> **What you will do**: Reproduce the listing below from the line with "Kondusif, Kamis (06/11/2025)." to the line with "Trui wikkel-jumpsuit met", both lines included, character for character, minus any pictures.

> **The data**:
——————————

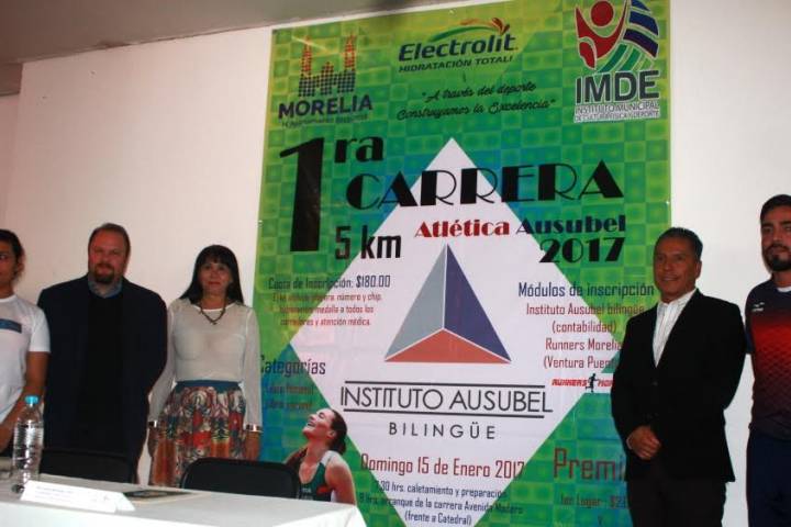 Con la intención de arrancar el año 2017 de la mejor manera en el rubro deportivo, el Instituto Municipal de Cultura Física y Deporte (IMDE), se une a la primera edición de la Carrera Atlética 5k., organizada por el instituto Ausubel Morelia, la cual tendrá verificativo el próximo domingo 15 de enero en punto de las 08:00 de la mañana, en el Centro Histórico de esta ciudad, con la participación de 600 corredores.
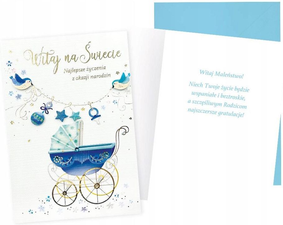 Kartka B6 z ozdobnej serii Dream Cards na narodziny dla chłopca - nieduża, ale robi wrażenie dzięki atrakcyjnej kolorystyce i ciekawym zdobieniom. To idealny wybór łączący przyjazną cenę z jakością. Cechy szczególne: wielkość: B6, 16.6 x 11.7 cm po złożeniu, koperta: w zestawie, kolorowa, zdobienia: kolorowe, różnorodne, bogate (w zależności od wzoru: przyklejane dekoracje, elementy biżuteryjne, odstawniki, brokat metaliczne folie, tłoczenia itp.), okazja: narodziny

——————————

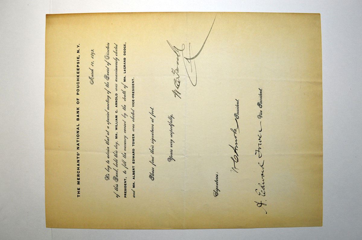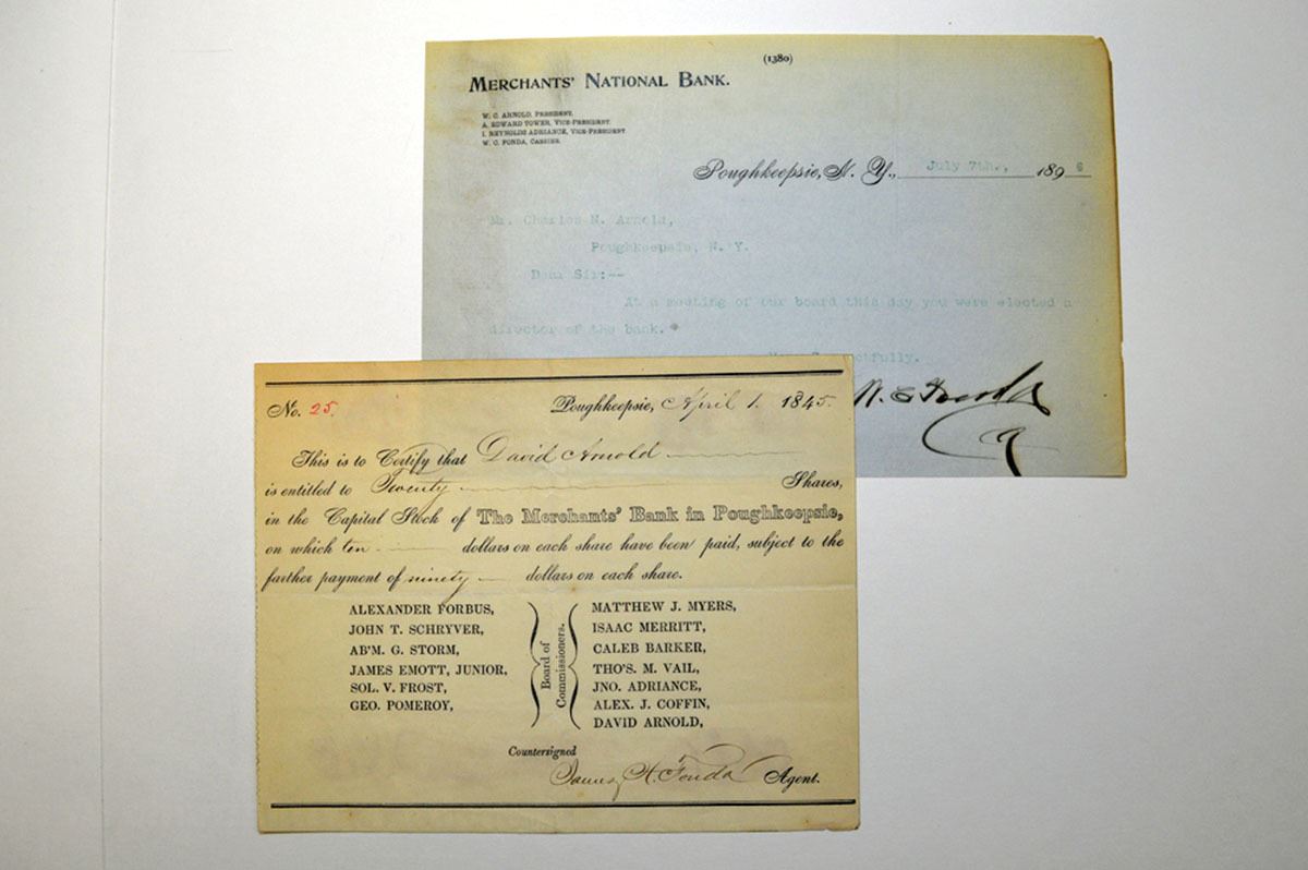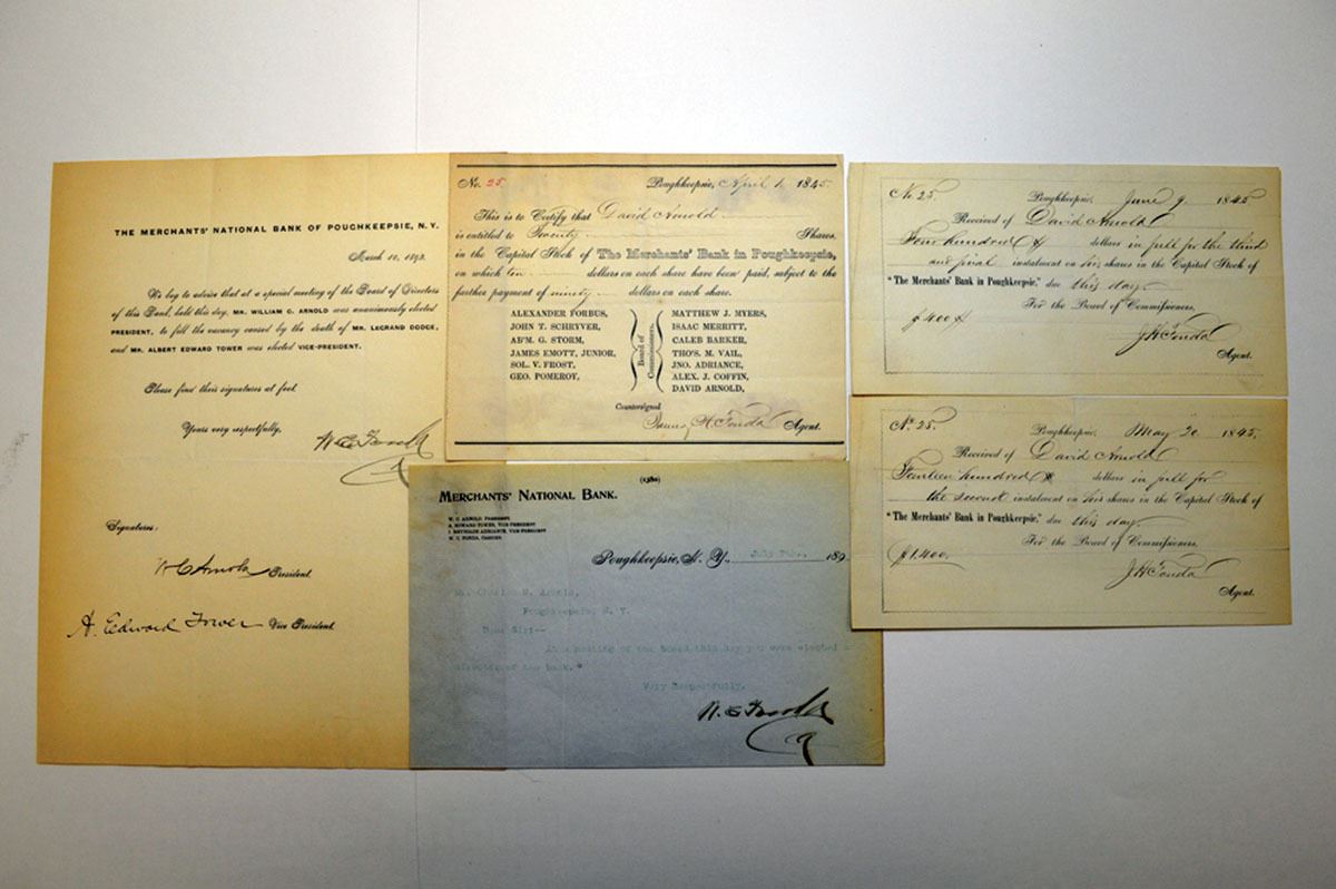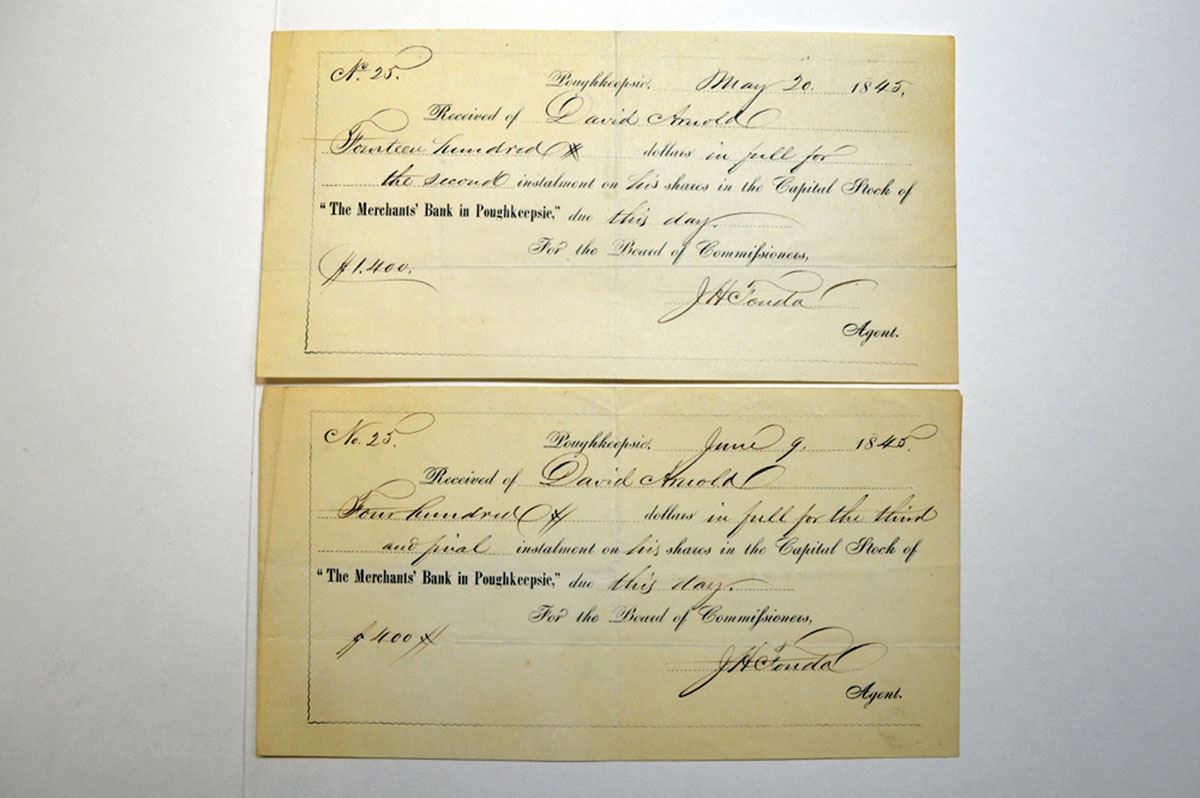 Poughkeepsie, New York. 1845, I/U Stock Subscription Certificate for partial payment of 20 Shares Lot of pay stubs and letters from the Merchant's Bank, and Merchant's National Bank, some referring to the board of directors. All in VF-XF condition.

——————————

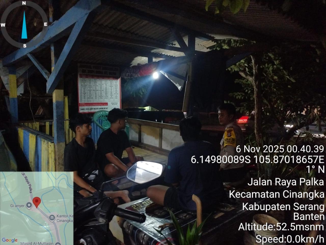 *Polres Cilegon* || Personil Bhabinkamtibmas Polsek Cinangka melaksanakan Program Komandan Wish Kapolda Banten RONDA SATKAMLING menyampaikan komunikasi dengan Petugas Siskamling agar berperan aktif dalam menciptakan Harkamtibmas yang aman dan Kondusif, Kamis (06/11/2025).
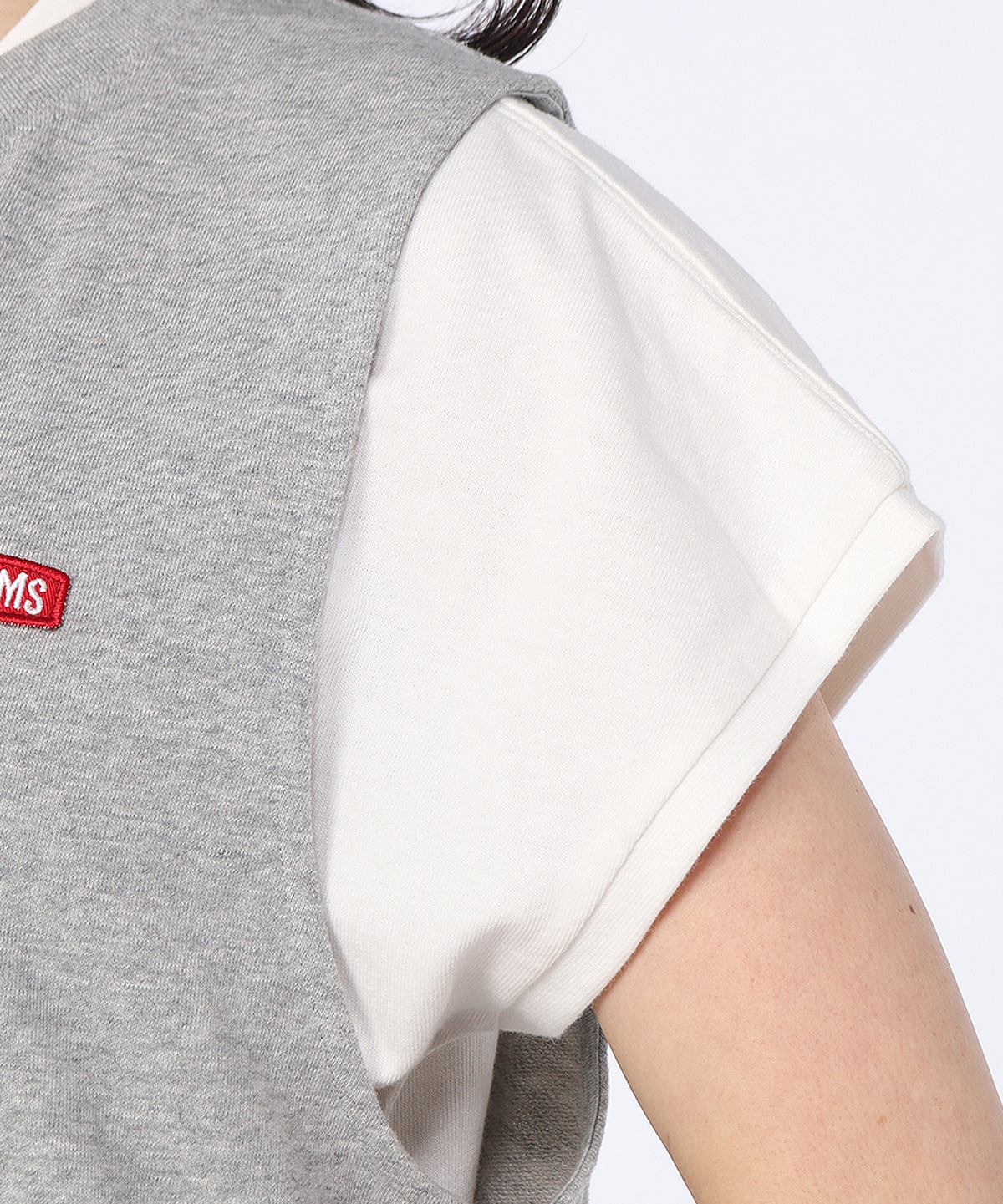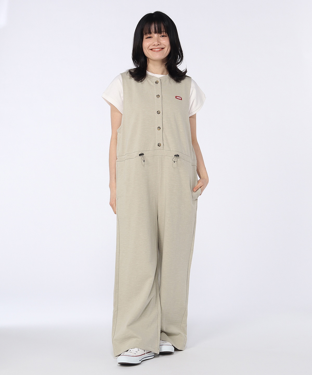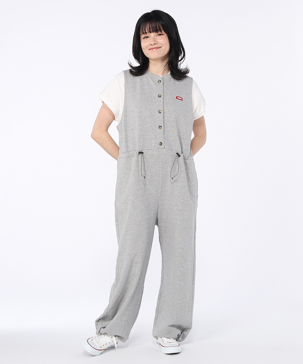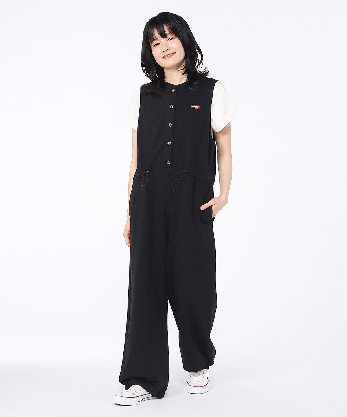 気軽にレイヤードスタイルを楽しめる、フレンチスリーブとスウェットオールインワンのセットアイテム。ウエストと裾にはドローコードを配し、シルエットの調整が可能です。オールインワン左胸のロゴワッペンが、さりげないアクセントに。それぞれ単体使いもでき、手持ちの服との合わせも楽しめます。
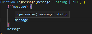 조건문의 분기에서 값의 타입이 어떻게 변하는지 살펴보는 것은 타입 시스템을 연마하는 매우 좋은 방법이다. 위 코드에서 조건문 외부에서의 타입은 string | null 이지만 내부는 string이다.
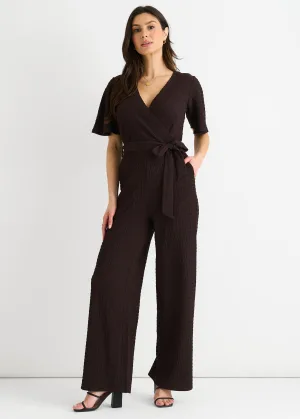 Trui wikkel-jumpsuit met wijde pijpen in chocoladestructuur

——————————

> **Output for this task**:
 *Polres Cilegon* || Personil Bhabinkamtibmas Polsek Cinangka melaksanakan Program Komandan Wish Kapolda Banten RONDA SATKAMLING menyampaikan komunikasi dengan Petugas Siskamling agar berperan aktif dalam menciptakan Harkamtibmas yang aman dan Kondusif, Kamis (06/11/2025).
 気軽にレイヤードスタイルを楽しめる、フレンチスリーブとスウェットオールインワンのセットアイテム。ウエストと裾にはドローコードを配し、シルエットの調整が可能です。オールインワン左胸のロゴワッペンが、さりげないアクセントに。それぞれ単体使いもでき、手持ちの服との合わせも楽しめます。
 조건문의 분기에서 값의 타입이 어떻게 변하는지 살펴보는 것은 타입 시스템을 연마하는 매우 좋은 방법이다. 위 코드에서 조건문 외부에서의 타입은 string | null 이지만 내부는 string이다.
 Trui wikkel-jumpsuit met wijde pijpen in chocoladestructuur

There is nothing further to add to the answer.